Maggie organizes bus trips to Canada for older adults to buy medicine because it's cheaper, sometimes half the price of medication in the U.S. Jamie accompanies her on a trip, but they never talk about the contradiction of him working for the industry that forces people to cross the border of the richest country in the world to get a prescription filled.

Maggie then goes with Jamie to a pharmaceutical convention and ends up across the street at the "unconvention," which is organized by people living with Parkinson's disease. People with Parkinson's stand at the microphone, with their hands shaking and voices quavering, to give moving and very funny speeches about the realities of living with a chronic and incurable disease.

Maggie calls Jamie and tells him to come over to the meeting, and what he sees and hears frightens him, but gives her hope that she can cope with the disease. But once again, the connections and contradictions between their lives aren't explored in any depth.

There is one scene, though, that captures the criminality of the drug industry and the hard reality of a life-threatening disease. The tremors in Maggie's hands are so bad she can't open the bottles of medication she bought in Canada. This is a moment when Maggie's fear and frustration will move you to tears.


THE DISCOVERY of Viagra dramatically improved both the lives of men with impotence and their intimate partners, but even that game-changing, scientific breakthrough isn't explored in the film.

Incredibly, in the first few years of its manufacture, insurers didn't want to cover Viagra calling it a "lifestyle" drug--as if the ability to have sex was a matter of lifestyle and not a central human need. Eventually, insurance did cover Viagra, and Pfizer made billions.
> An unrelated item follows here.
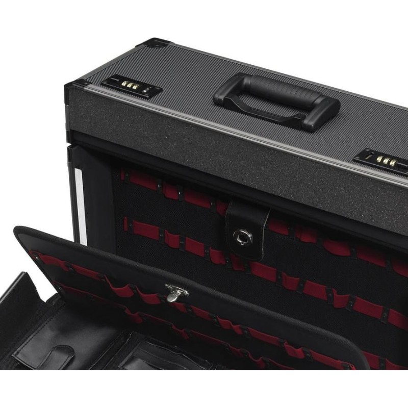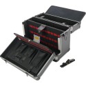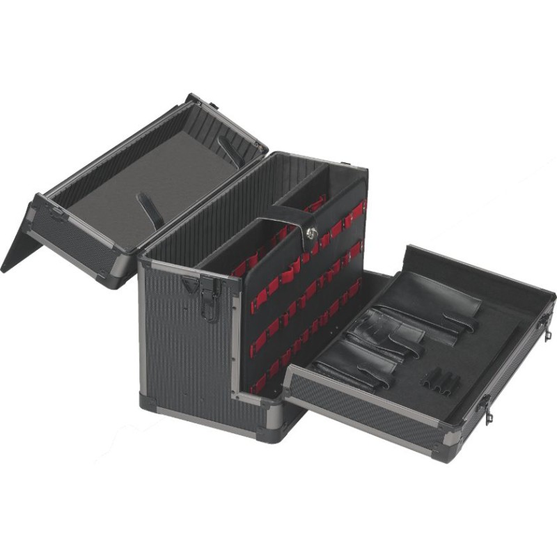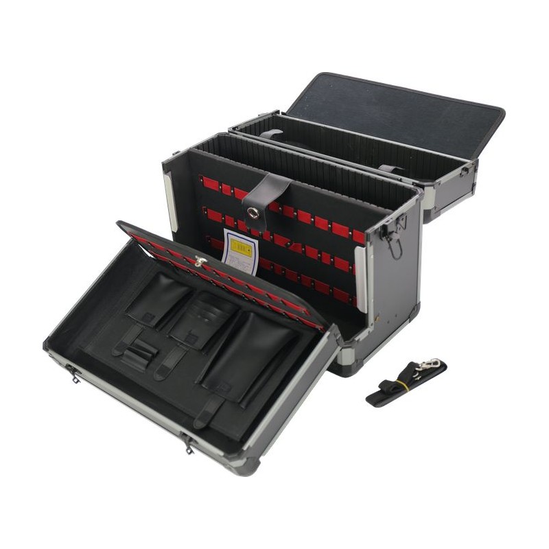 Proponujemy tańszą i jaśniejszą wersję dużej uniwersalnej, aluminiowej walizki serwisowej. Pozwala mieć przy sobie wszystko, co niezbędne do pracy profesjonalisty. Bardzo liczne i pojemne schowki rozmieszczone są w taki sposób, że łatwo do nich dotrzeć, bez potrzeby rozpakowywania całej walizki. Oprócz przegród typowo narzędziowych producent pomyślał również o kieszeni na dokumenty, które za sprawą transportu w walizce pozostaną w idealnym stanie. Dodatkowym zabezpieczeniem są zamki szyfrowe i zwiększające odporność na uderzenia wzmacniane narożniki.

Before it went off patent, one little, blue, diamond-shaped pill of Viagra cost $10. The generic version, Sildenafil Citrate, costs 97 cents per pill.
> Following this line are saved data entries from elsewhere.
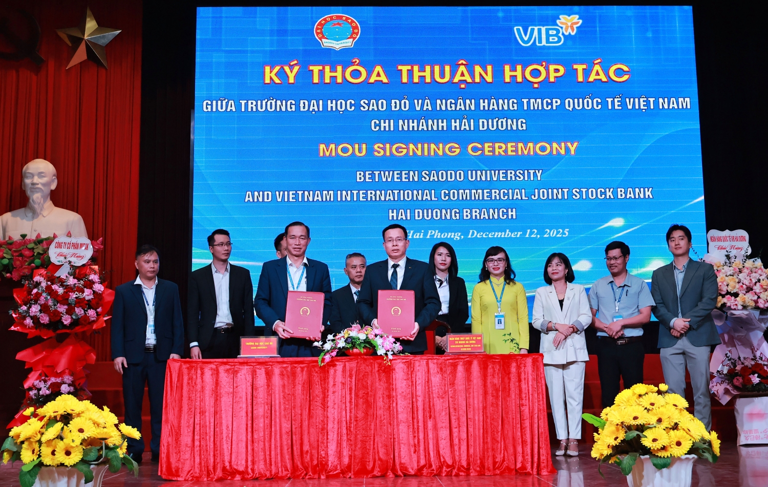 Đại diện Ngân hàng Thương mại cổ phần Quốc tế Việt Nam chi nhánh Hải Dương tặng hoa chúc mừng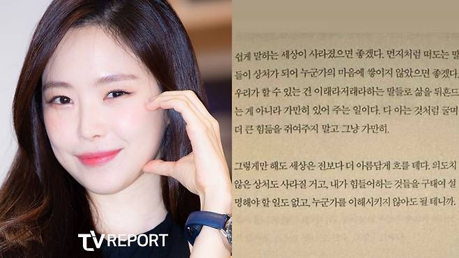 사진 속 책에는 "쉽게 말하는 세상이 사라졌으면 좋겠다. 먼지처럼 떠도는 말들이 상처가 되어 누군가의 마음에 쌓이지 않았으면 좋겠다. 우리가 할 수 있는 건 이래라저래라 하는 말들로 삶을 뒤흔드는 게 아니라 가만히 있어 주는 일이다. 다 아는 것처럼 굴며 더 큰 힘듦을 쥐여주지 말고 그냥 가만히"라며 "그렇게만 해도 세상은 전보다 더 아름답게 흐를 테다. 의도치 않은 상처도 사라질 거고, 내가 힘들어하는 것들을 구태여 설명해야 할 일도 없고, 누군가를 이해시키지 않아도 될 테니까"라고 적혀 있었다.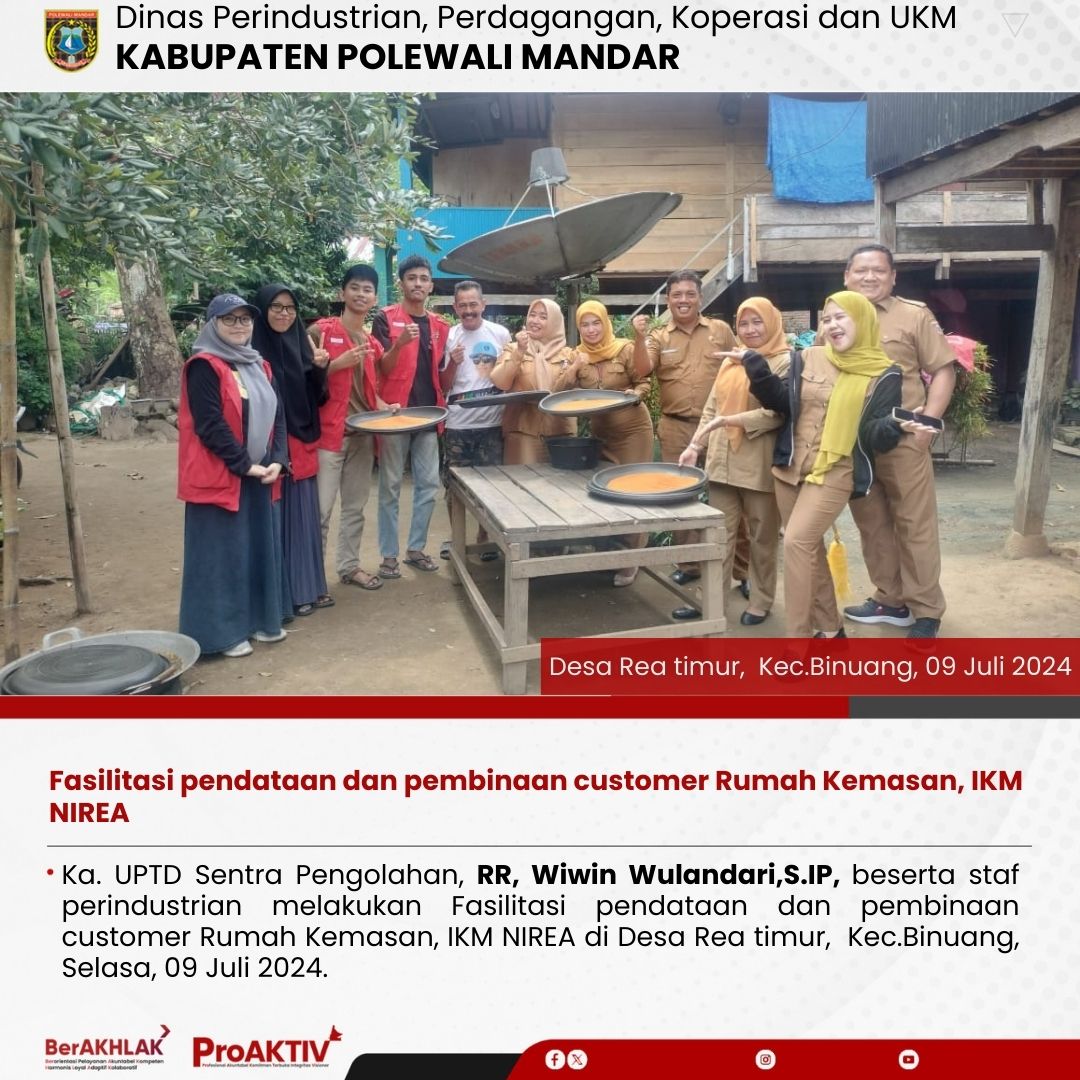 Ka. UPTD Sentra Pengolahan, RR, Wiwin Wulandari,S.IP, beserta staf perindustrian melakukan Fasilitasi pendataan dan pembinaan customer Rumah Kemasan, IKM NIREA di Desa Rea timur, Kec.Binuang, Selasa, 09 Juli 2024....

But in Love and Other Drugs, ED is treated as a joke, and the film gives the false impression that Viagra is widely used by young men who want guaranteed erections.

In fact, the typical Viagra user is 50 years old and has at least one cardiovascular risk factor--diabetes, hypertension, obesity or high cholesterol. It's estimated that 20 million men suffer from some type of ED, a huge and eager market for pharmaceutical companies. And Viagra works: 83 percent of men report that they are able to have sex at least once after using the drug for a few weeks.

At one point, Jamie--now a rich, Porsche-driving and popular Viagra pusher--is invited to an orgy and asked to bring samples of the "fuck drug." During a lull in the Viagra-fueled coupling, Jamie and Dr. Knight, who injects himself with testosterone to improve his performance along with ingesting Viagra, lounge with cocktails in hand and blithely comment about the state of health care in the U.S.

You'd never know there were millions of people suffering from lack of access to health care from their boozy conversation.

Love and Other Drugs isn't about love or other drugs. It is a disappointing and flaccid film--no amount of Viagra will change that.